Als Biowares Marketing-Direktor verantwortete Leo Olebe die globale Strategie für Star Wars: The Old Republic, ehe er als Global Director Games zu Facebook wechselte. IGM erklärt er, wie im Jahr 2020 Fachmärkte selbst zu mächtigen Spiele-Magazinen avancieren können und wie kleinere Studios dieselbe Aufmerksamkeit generieren
können wie Publisher mit Millionen-Budgets. 

IGM: Herr Olebe, wie sieht die perfekte Content-Marketing-Kampagne im Jahr 2020 aus?

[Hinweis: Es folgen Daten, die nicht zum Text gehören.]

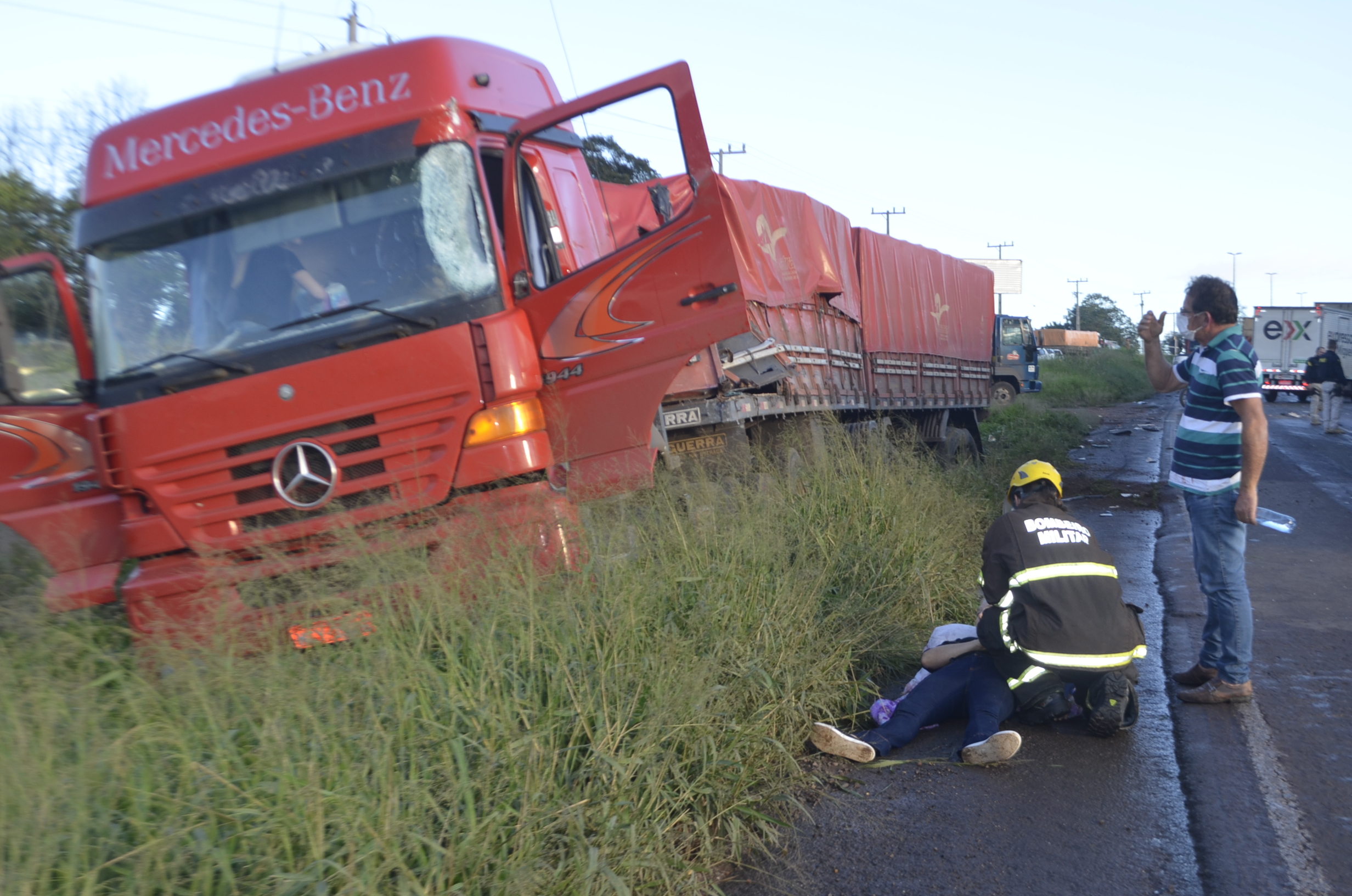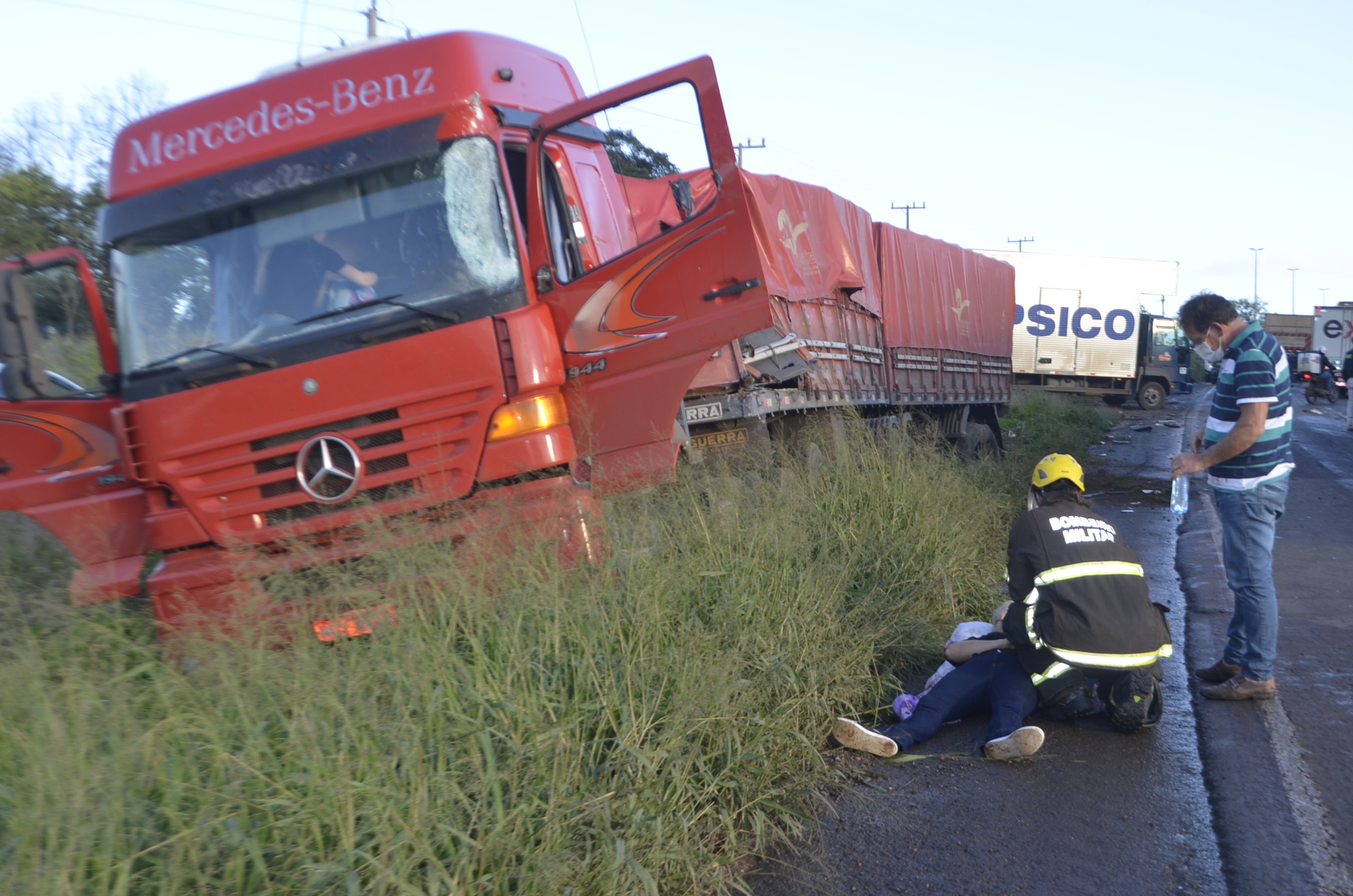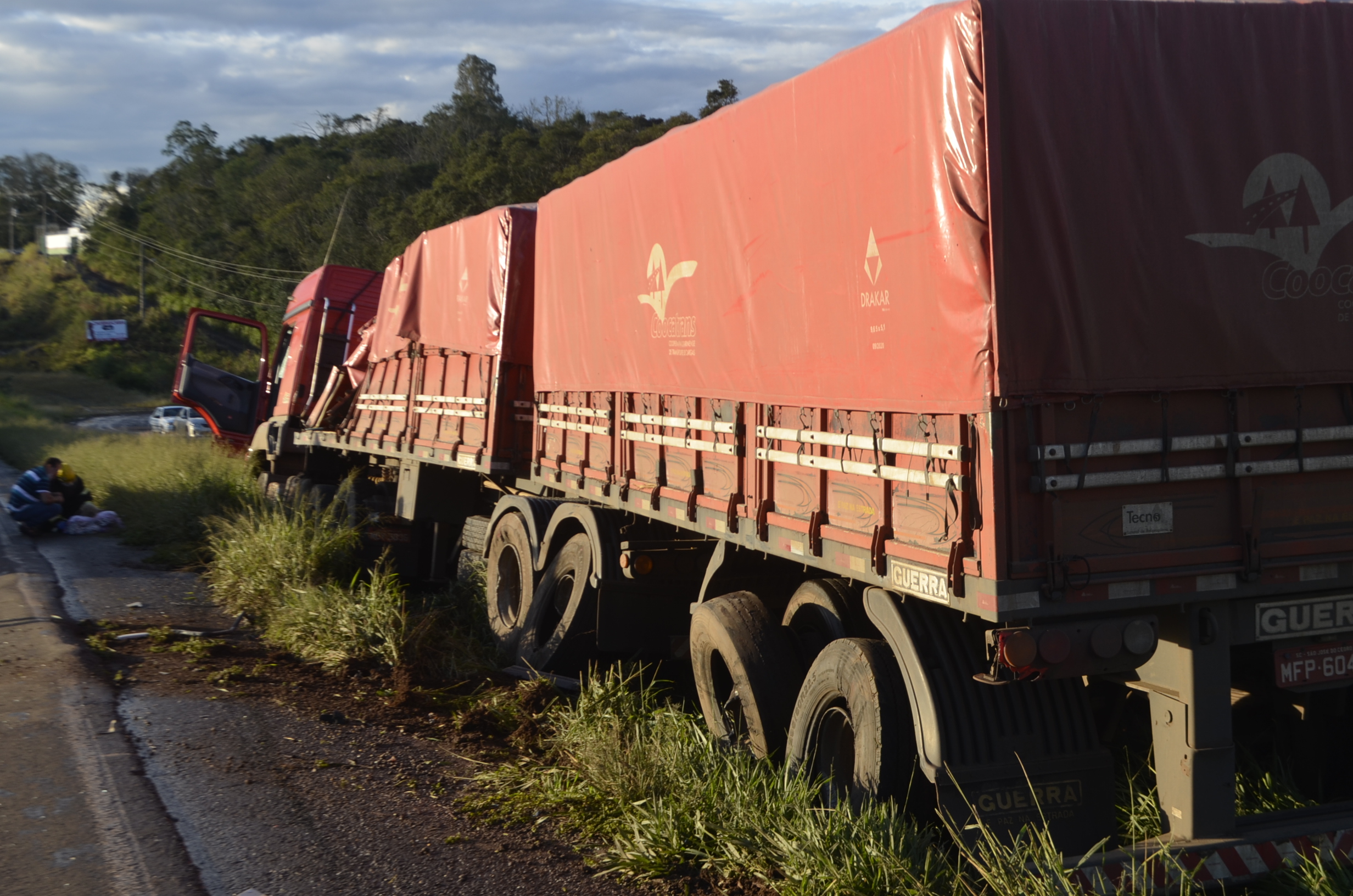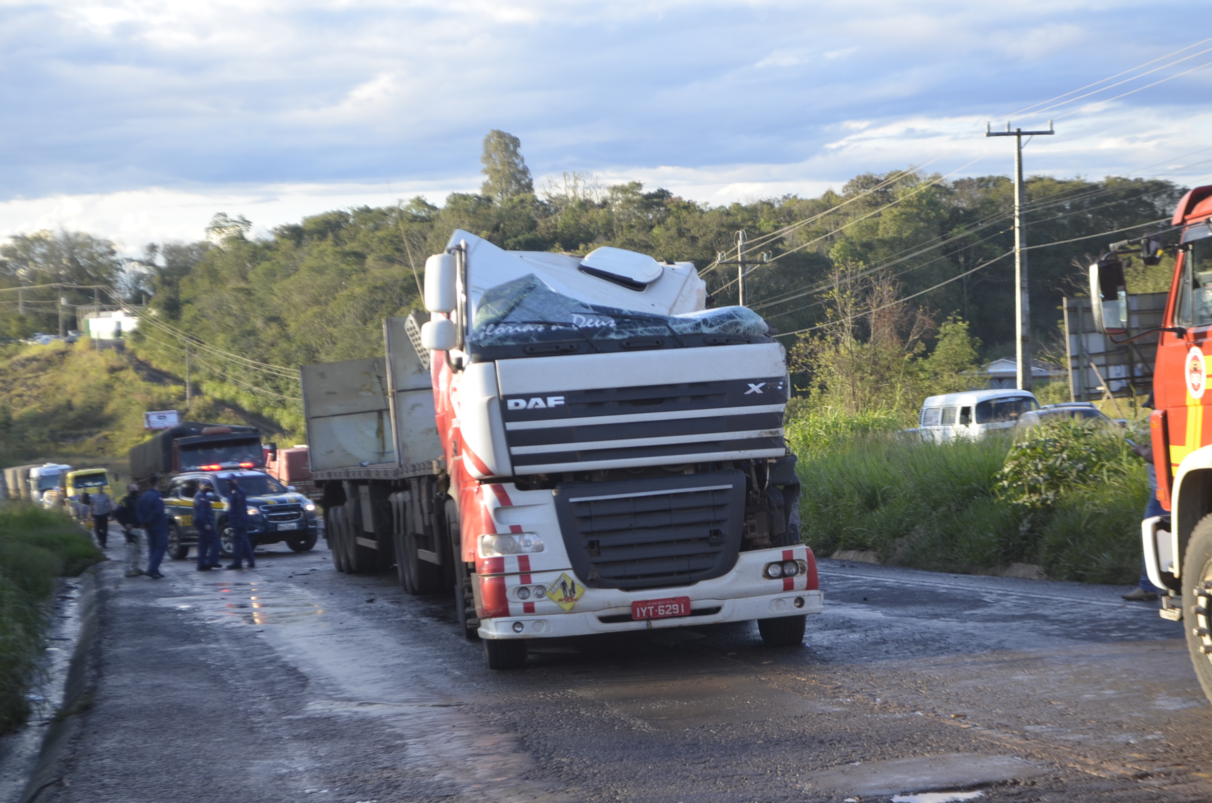 De acordo com informações apuradas pela reportagem no local, se envolveram na batida frontal uma carreta de Cruzeiro do Sul/RS e uma carreta de São José do Cedro. O condutor do RS sofreu ferimentos e foi encaminhado por militares do Corpo de Bombeiros para o Hospital Regional. Apesar da cabine ter ficado destruída o motorista, por sorte apresentava ferimentos leves.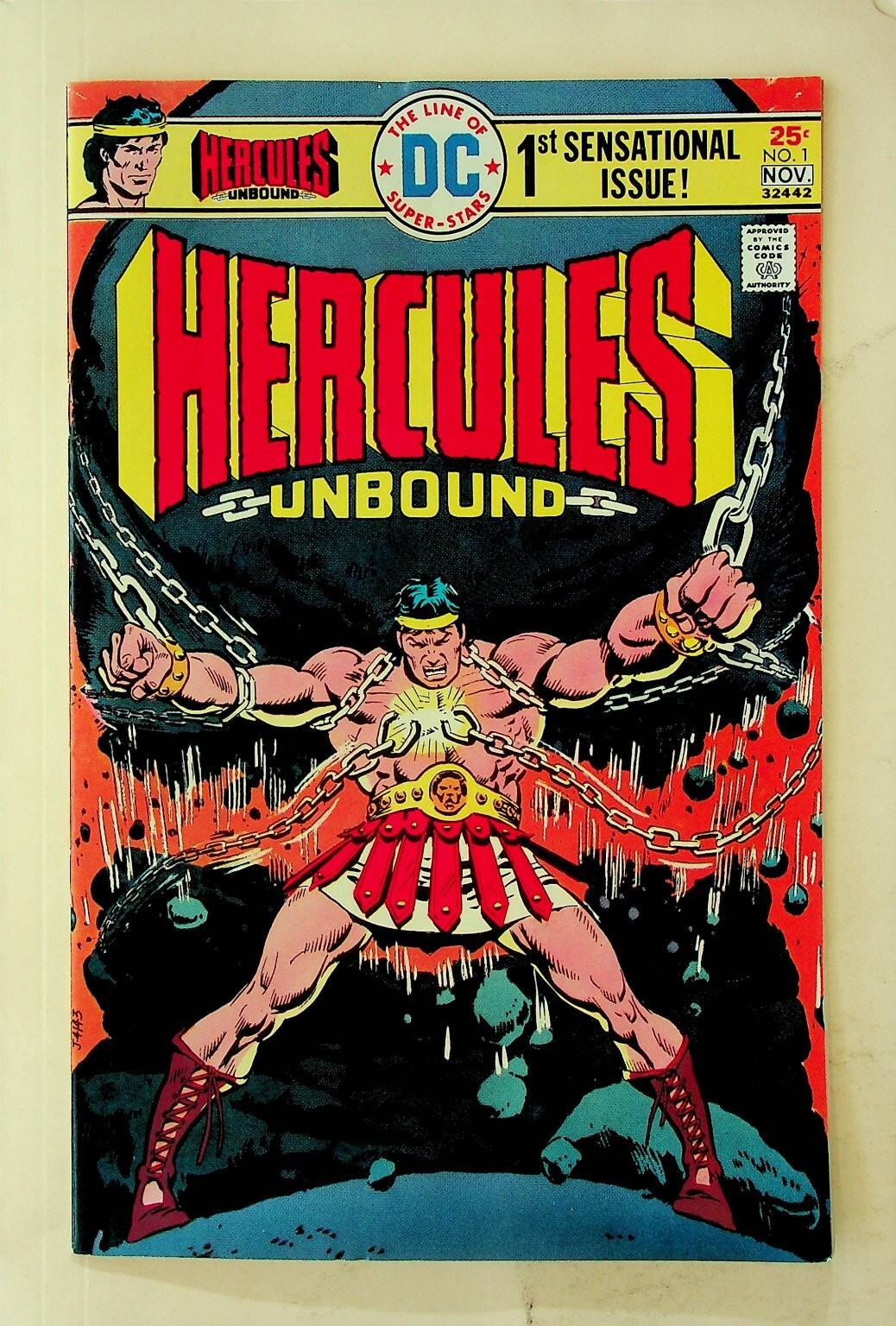 Grade: 6.5 Fine+ This is a single issue of Hercules Unbound #1 published by DC Comics. This inaugural issue is marked as the "1st SENSATIONAL ISSUE!" and features the powerful hero Hercules breaking free from chain ... Read More

Leo Olebe: Ich war vor meiner Position bei Facebook Marketing-Direktor bei Bioware und u.a. verantwortlich für die globalen Kampagnen von Star Wars: The Old Republic. Dort habe ich viel über Content-Marketing gelernt, und wie man Social-Media-Kanäle integriert. Unser Ziel war es, über ein Jahr hinweg jeden Freitag exklusive Inhalte zu produzieren: Dokumentarfilme, Interviews mit Gameplay-Designern, dem Creative Director, dem Autoren-Team. Es hat mir gezeigt, dass Timing und Planung viel wert sind, gerade auch weil bei Star Wars jeder einzelne Inhalt von EA und LucasFilm genehmigt werden muss. Noch wichtiger aber ist es, datengetrieben zu arbeiten: Gutes Content-Marketing funktioniert über Kunden-Segmentierung. Bleiben wir bei dem Beispiel: Wir haben Star-Wars-Fans, wir haben Anhänger des MMO-Genres, die wir als Kunden gewinnen wollen – Fans von World of Warcraft, Guild Wars oder Der Herr der Ringe Online. Und dann gibt es die Segmentierung für Inhalte: Es gibt Zielgruppen, die alles über die Engine, über Shader, über Grafik-Features lernen möchten. Es gibt eine Gruppe, die sehr interessiert an schauspielerischen Inhalten ist, an Motion-Capturing-Verfahren, an Synchron-Arbeit. Es gibt die Hardcore-Fans, die tief einsteigen möchten in die Mathematik hinter einem Rollenspiel: Wie funktioniert das Balancing? Wie die Klassenverteilung, die Waffen, die Jedi-Magie? Wir haben für alle diese Fan-Gruppierungen jeweils 52 Wochen an Inhalten geliefert. The Old Republic ist noch heute erfolgreich, 9 Jahre nach Launch.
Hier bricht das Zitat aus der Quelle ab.